Third, there is finally a customer willing to pay for extreme energy solutions. That has triggered an aggressive hunt for entirely new power sources. AI infrastructure is reshaping energy demand curves far faster than utilities can respond. Meta and others are already committing to massive renewable deployments, nuclear agreements, and unconventional power strategies simply to secure future capacity. In that environment, space-based solar no longer feels like a technology searching for a market.
But this is also where the conversation needs to become more grounded. The real question is not whether SBSP sounds futuristic or technically possible. It is whether there are specific markets where the economics actually make sense. SBSP is not going to beat ground-based solar plus batteries on cost per MWh by 2030, and possibly not by 2035. The investor case is not selling cheap bulk power. It is three narrower markets: round-the-clock power for cloud data centers that already pay $80-$120/MWh for reliable clean electricity; defense and remote-base power where running grid lines is impossible and diesel costs $1,000+/MWh once delivered; and power for satellites themselves, where every satellite is short on electricity and customers have no alternatives. A start-up that wins any one of these markets does not need to match ground-grid prices to make money for its investors.
A small but increasingly credible ecosystem of start-ups is now forming around those opportunities. Some companies are trying to beam energy from orbit directly to Earth. Others are building orbital systems that extend solar generation hours or provide power to satellites already in space.
Backed by Prime Movers Lab, Engine Ventures, and EQT Foundation, Overview Energy is one of the most ambitious companies in the category because it is directly targeting Earth’s power grid. Its satellites would collect solar energy in space and beam it down using lasers to existing solar farms, avoiding the need to build entirely new grid infrastructure.

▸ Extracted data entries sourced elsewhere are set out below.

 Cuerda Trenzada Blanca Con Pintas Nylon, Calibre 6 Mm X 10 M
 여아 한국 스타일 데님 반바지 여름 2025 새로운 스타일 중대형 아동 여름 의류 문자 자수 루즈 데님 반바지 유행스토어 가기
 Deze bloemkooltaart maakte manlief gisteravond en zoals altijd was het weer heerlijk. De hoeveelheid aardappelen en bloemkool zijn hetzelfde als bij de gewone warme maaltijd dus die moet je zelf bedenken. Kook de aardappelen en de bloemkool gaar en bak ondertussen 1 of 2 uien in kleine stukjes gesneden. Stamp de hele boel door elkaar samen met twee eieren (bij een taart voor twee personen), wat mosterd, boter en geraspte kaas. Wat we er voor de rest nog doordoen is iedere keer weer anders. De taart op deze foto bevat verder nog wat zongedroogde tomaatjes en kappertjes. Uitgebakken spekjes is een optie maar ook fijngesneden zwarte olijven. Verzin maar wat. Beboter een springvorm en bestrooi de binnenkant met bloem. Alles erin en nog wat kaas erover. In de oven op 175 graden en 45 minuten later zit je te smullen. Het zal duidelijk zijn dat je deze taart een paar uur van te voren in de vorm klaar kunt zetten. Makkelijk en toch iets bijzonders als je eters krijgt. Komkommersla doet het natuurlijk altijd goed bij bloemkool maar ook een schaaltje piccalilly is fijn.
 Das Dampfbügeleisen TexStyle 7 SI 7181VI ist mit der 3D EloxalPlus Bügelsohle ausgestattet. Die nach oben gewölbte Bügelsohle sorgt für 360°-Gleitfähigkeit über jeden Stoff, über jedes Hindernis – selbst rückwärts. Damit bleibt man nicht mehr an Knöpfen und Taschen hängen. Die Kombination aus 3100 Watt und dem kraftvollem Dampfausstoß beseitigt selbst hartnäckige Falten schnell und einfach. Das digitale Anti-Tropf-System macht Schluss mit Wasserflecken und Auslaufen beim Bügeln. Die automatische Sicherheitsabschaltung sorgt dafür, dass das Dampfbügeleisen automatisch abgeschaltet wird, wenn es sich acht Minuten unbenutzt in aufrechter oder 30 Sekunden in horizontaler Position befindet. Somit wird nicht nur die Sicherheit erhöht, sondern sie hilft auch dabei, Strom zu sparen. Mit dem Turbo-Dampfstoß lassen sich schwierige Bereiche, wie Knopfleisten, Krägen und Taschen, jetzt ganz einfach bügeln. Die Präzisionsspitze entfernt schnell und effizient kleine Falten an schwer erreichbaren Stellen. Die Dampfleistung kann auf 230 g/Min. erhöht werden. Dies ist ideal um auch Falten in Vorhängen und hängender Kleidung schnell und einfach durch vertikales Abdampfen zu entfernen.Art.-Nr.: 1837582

Founded by Robinhood co-founder Baiju Bhatt, Cowboy Space (formerly Aetherflux) is taking a very different approach from most space-based solar start-ups. Instead of mainly trying to send power back to Earth, the company wants to use that energy directly in orbit to run AI data centers in space. The idea is simple: if cloud companies cannot get enough electricity or grid access on Earth, move some computing closer to the power source itself. Its long-term vision combines rockets, satellites, solar power, and AI infrastructure into a single system.

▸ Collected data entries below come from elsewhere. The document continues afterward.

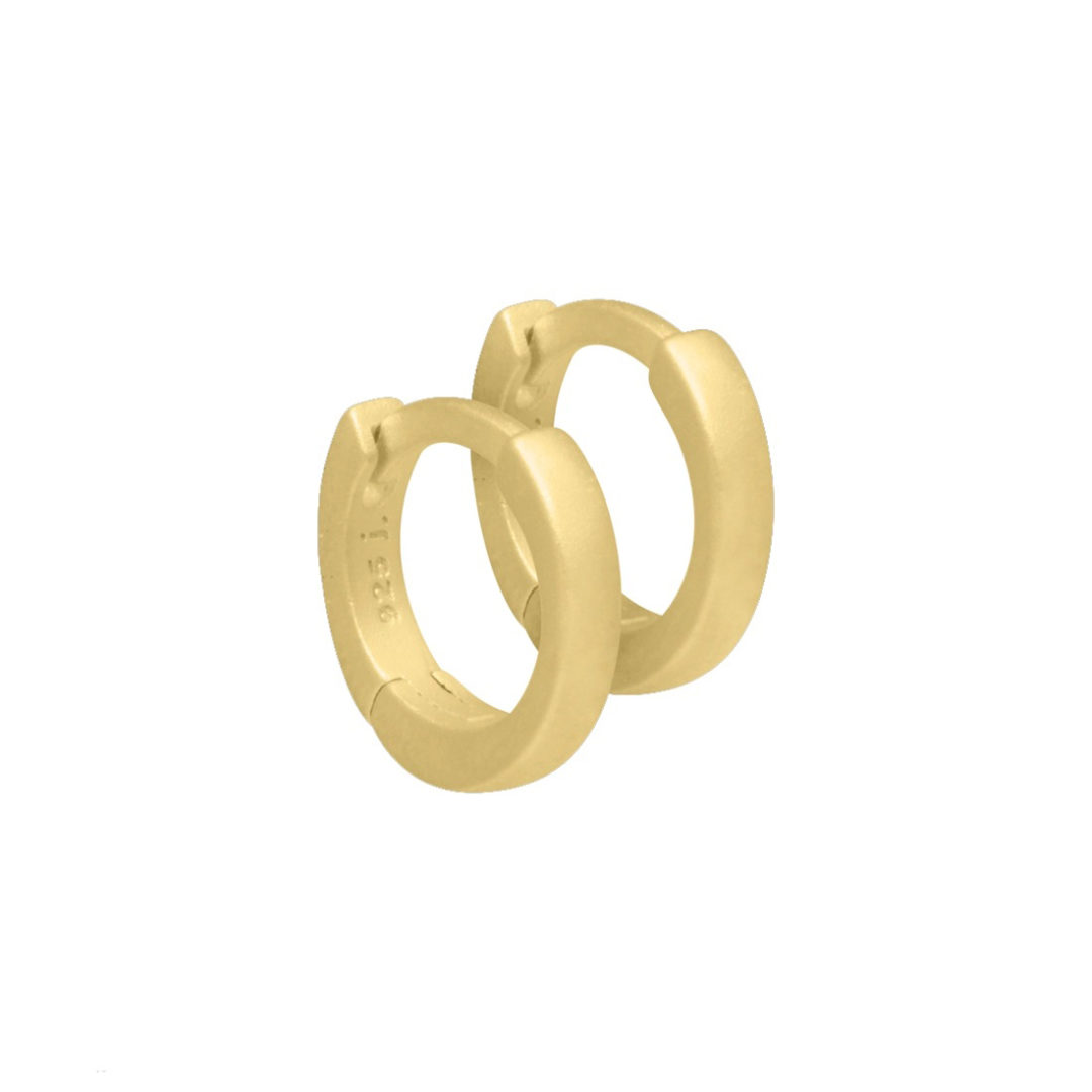 Kleine matte Ohrringe bzw. Creolen Earring Maude von Aqua Dulce. Die Klappcreolen sind von vorn eckig. Material: 925 Sterlingsilber bzw. Gelbgold vergoldet. Größe: ca. 1 cm.
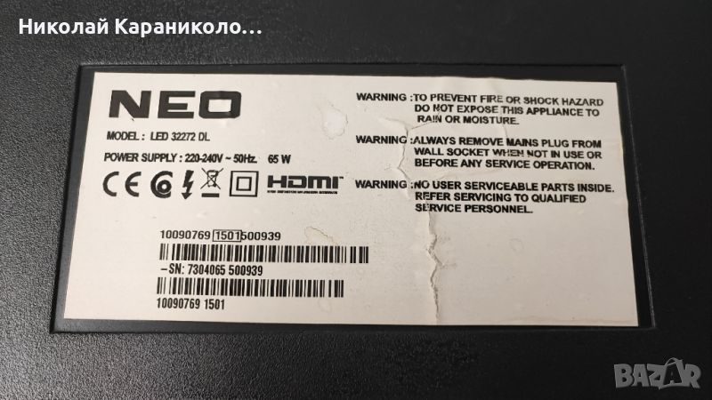 Продавам тв NEO LED32272DL за части по причина-счупена матрица/VES315WNDA-2D-N01/.Редовни съответно:
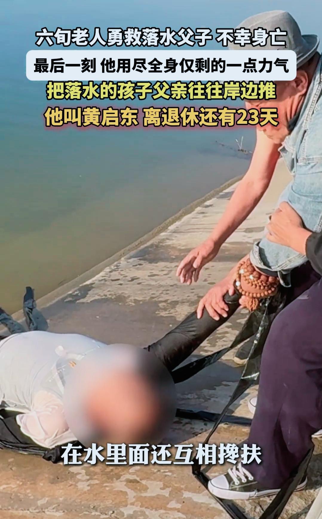 23天后的“结局”, 时间定格在那个冰冷的下午, 再也等不到老伴在耳边絮絮叨叨! 就在10月2号下午,60岁的老党员不顾一切勇敢跳进冰冷的河水中救下落水父子俩,而自己的生命永远的定格在这一刻! 有时候想,好人为什么没有好报,偏偏连23天都等不到? 他还没有看到孙子孙女呢,还没有和老伴手拉手回忆年轻时的场景呢! 看到老伴拿着手机好像是在求救,为什么没有人去救他呢,为什么他就那么傻救别人呢,我该怎么办呢,当时那种无助,谁又能懂呢! 善良的人就该是这样的结局吗?6旬老人勇救落水父子
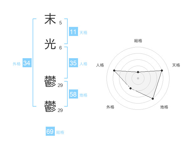 末光 鬱鬱さんの地格は58画の4点!
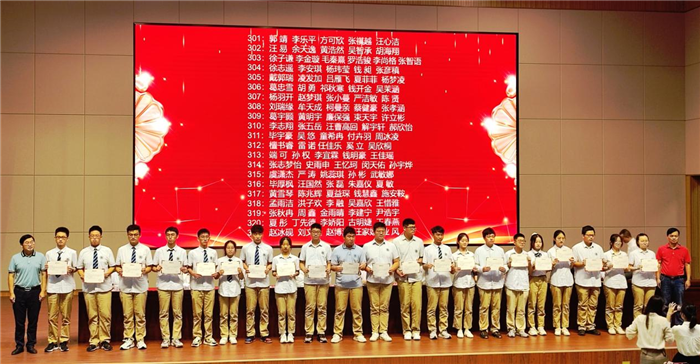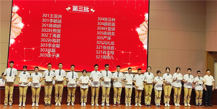 大会在雄壮的国歌声中拉开序幕。教导处主任叶张平宣读了在省六校联考中荣获“学业进步奖”“单科优秀奖”“学业优秀奖”的同学名单。获奖同学依次上台接受校领导为他们颁奖。
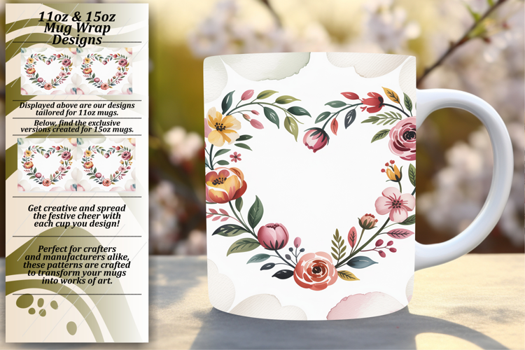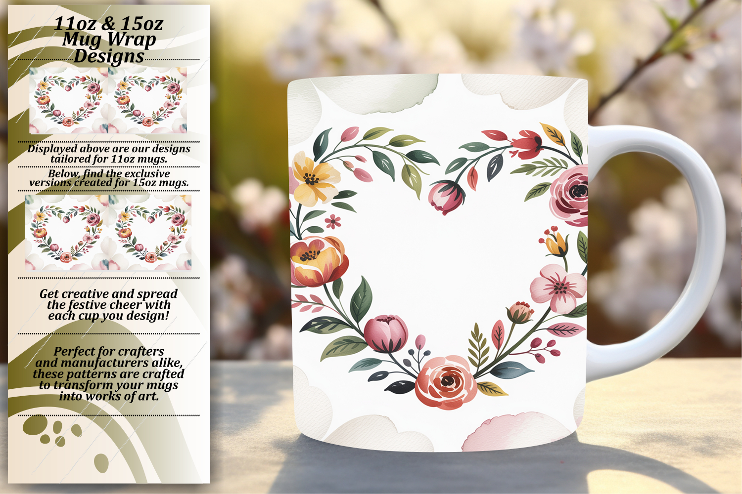 RICH 11oz Mug Wrap PNG Design , Flowers Heart example image 1
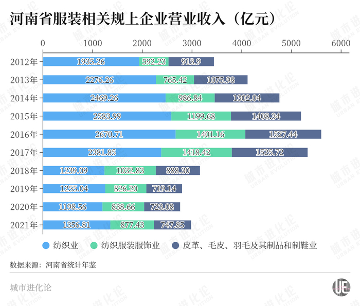 统计年鉴显示,2020年河南服装相关规上企业1782家,较2015年减少313家。营收和利润总额分别为2760亿元、217亿元,均缩水50%左右。虽然这与全国纺织服装服饰业的发展轨迹大体一致,但亦使得河南服装产业的结构性问题加速暴露。
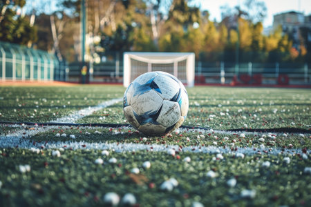 worn soccer ball rests on grass, with a blurred goalpost in the background, surrounded by autumn leaves
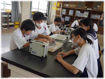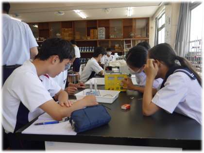 電気による水の分解について、電解装置を用いての実験に取り組んでいます。
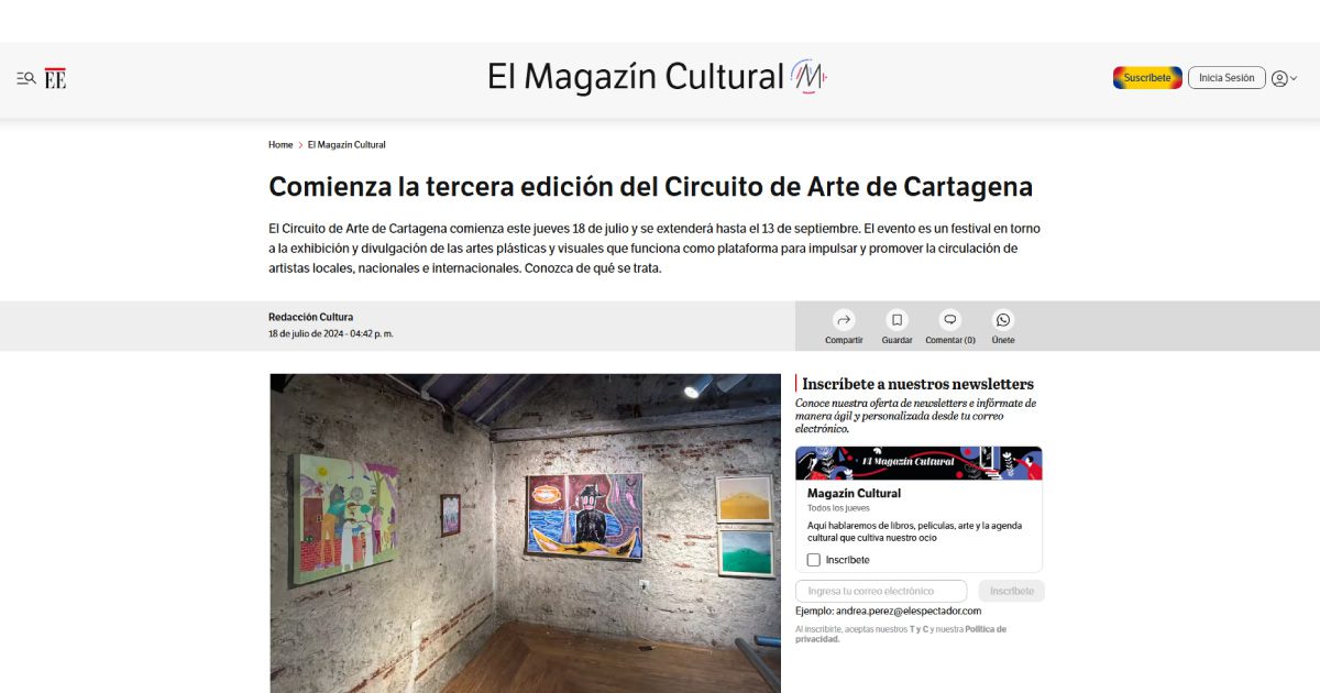El Circuito de Arte de Cartagena comienza este jueves 18 de julio y se extenderá hasta el 13 de septiembre. El evento es un festival en torno a la exhibición y divulgación de las artes plásticas y visuales que funciona como plataforma para impulsar y promover la circulación de artistas locales, nacionales e internacionales.

Founded in 2024, Star Catcher Industries is focused on a more immediate market: powering satellites already operating in orbit. The company raised $88M total, including a $65M Series A earlier this month. Star Catcher doesn't beam power down to Earth at all. It beams power between satellites. Its orbital "power node" satellites can deliver up to 10x more electricity to a customer satellite's existing solar panels. The customer doesn't have to change anything on their own hardware. The buyer is anyone who operates satellites including commercial, defense, or government entities. The company has $60M in signed contracts already with $3B in claimed future deals and is the fastest path to revenue in the SBSP space.